Kids was a children's magazine (unrelated to the later Kids magazine of the 2000s) published in Cambridge, Massachusetts and later New York City from 1970 to 1975. Its aim was to create a magazine which was, as much as possible, created and edited by children themselves, with minimal adult supervision.

Its founding editors were Jenette Kahn and Jim Robinson, who were adults. However, later in its history, it had a teenager, Denise Yuspeh (age 15), as its managing editor. Originally, Kids was published in standard magazine size, but issues near the end of its run used a smaller page size.
The format was full color with a heavy cardboard stock glossy cover. The covers were exceptionally well designed and stylistic of the 1970s. 
Kids accepted contributions of stories, poems, essays, puzzles, artwork, cartoons and photography from children aged 5 through 15, and held frequent contests for the most creative photographs, signs, buttons, etc. Monthly newspaper-like features included "Don't You Hate..." (modeled on a MAD Magazine feature of that title), Horace Cope's Horror-Scope, the Swap Shop, Letters to the Editor, and a "Dear Abby" style advice column called "Dear Dr. Loker," which was initiated by students at Loker Elementary School in Wayland, Massachusetts. The magazine also conducted interviews with children around the nation on such topics as pets, parents, who decides on bedtimes, what it was like to be twins, etc. it
Also included Reina Heim's stylistic cartoons.

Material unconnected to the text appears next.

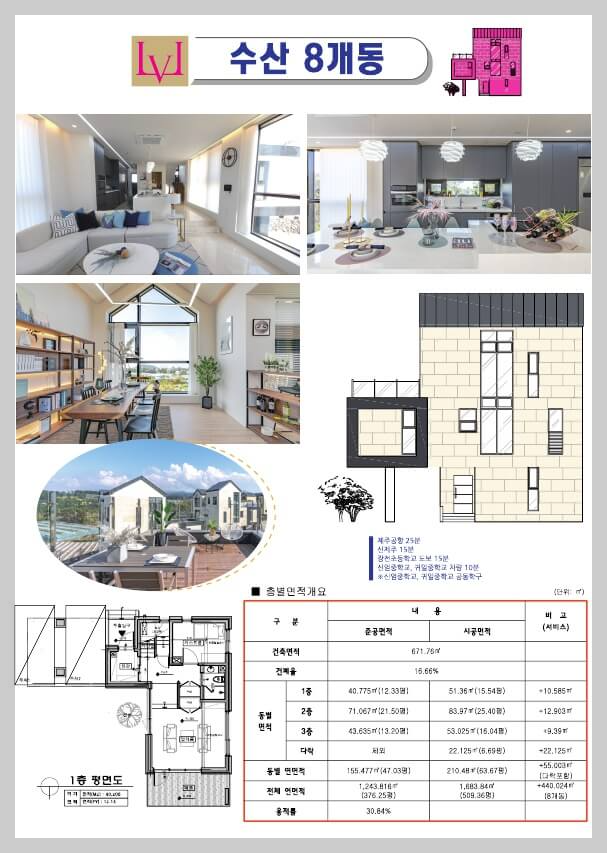 제주 애월 루체비스타는 제주의 아름다운 자연 속에서 편안한 도시 생활을 제공하는 고급 타운하우스입니다. 이곳은 중산간도로 대로변 언덕 위에 위치하여, 애월바다와 한라산의 아름다운 풍경을 감상할 수 있는 최적의 장소입니다. 루체비스타 타운하우스는 3층 구조의 단독주택으로, 개별등기 2세대와 지분등기 8세대로 총 10세대로 구성되어 있습니다. 각 세대는 풀옵션으로 제공되며, 고급스러운 인테리어와 시설이 완벽하게 갖춰져 있습니다. 또한, 제주공항이나 신제주 등으로의 이동이 용이하고 조용한 전원생활을 즐길 수 있는 위치에 있습니다.

Unlike most children's magazines, Kids paid its contributors — $5 or $6 plus three free copies of the issue in which their work appeared — and returned rejected contributions if a self-addressed, stamped envelope was provided.

The magazine's illustrators included twelve-year-old Ray Billingsley, who went on to create the syndicated newspaper comic Curtis, Jim Salicrup who was editor for Marvel Comics in the 80's, and fourteen-year-old Tom Gammill, who later wrote for Saturday Night Live, Seinfeld, The Critic, The Wonder Years, and It's Garry Shandling's Show with Max Pross.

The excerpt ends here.